● **GIVEN ENTRIES**:
▼▼▼
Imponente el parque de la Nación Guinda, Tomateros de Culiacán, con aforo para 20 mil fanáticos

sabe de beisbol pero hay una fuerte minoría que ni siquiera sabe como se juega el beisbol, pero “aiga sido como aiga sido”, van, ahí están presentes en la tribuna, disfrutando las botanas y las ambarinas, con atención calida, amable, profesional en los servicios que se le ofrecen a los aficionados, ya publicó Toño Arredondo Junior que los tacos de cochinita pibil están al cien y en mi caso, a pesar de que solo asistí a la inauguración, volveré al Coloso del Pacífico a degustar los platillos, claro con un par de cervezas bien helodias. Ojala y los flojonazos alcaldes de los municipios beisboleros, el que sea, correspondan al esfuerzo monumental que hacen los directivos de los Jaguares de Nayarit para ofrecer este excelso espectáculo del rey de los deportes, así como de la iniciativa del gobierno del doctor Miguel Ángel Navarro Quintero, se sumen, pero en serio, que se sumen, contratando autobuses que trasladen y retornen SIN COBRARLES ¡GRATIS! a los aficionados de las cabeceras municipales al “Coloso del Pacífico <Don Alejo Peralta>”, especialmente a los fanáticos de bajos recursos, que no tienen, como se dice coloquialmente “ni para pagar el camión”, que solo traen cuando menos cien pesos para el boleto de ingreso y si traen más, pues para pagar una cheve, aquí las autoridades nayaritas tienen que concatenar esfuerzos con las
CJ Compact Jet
▲▲▲
▼▼▼
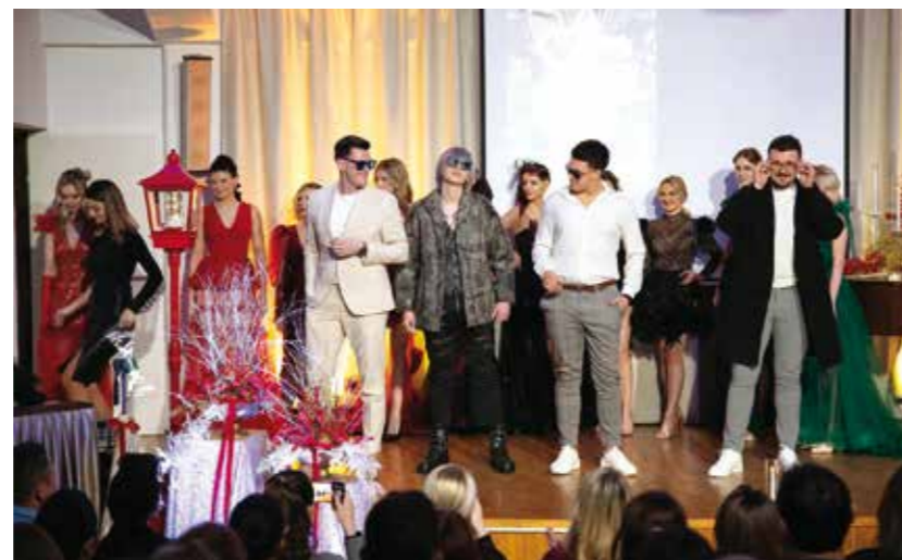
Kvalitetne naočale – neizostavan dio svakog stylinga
▲▲▲
▼▼▼
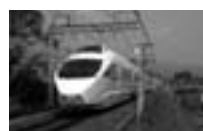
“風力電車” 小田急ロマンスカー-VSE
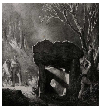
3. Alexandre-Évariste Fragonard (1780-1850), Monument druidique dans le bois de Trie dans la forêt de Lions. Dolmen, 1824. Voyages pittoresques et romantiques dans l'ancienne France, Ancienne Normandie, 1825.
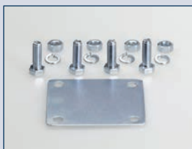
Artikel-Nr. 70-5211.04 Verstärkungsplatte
▲▲▲
● **EXERCISE BRIEF**:
Only the lines above from the line with "sabe de beisbol" to the line with "CJ Compact Jet", those two lines included, should be reproduced exactly.

● **ANSWER TO THE EXERCISE**:
sabe de beisbol pero hay una fuerte minoría que ni siquiera sabe como se juega el beisbol, pero “aiga sido como aiga sido”, van, ahí están presentes en la tribuna, disfrutando las botanas y las ambarinas, con atención calida, amable, profesional en los servicios que se le ofrecen a los aficionados, ya publicó Toño Arredondo Junior que los tacos de cochinita pibil están al cien y en mi caso, a pesar de que solo asistí a la inauguración, volveré al Coloso del Pacífico a degustar los platillos, claro con un par de cervezas bien helodias. Ojala y los flojonazos alcaldes de los municipios beisboleros, el que sea, correspondan al esfuerzo monumental que hacen los directivos de los Jaguares de Nayarit para ofrecer este excelso espectáculo del rey de los deportes, así como de la iniciativa del gobierno del doctor Miguel Ángel Navarro Quintero, se sumen, pero en serio, que se sumen, contratando autobuses que trasladen y retornen SIN COBRARLES ¡GRATIS! a los aficionados de las cabeceras municipales al “Coloso del Pacífico <Don Alejo Peralta>”, especialmente a los fanáticos de bajos recursos, que no tienen, como se dice coloquialmente “ni para pagar el camión”, que solo traen cuando menos cien pesos para el boleto de ingreso y si traen más, pues para pagar una cheve, aquí las autoridades nayaritas tienen que concatenar esfuerzos con las
CJ Compact Jet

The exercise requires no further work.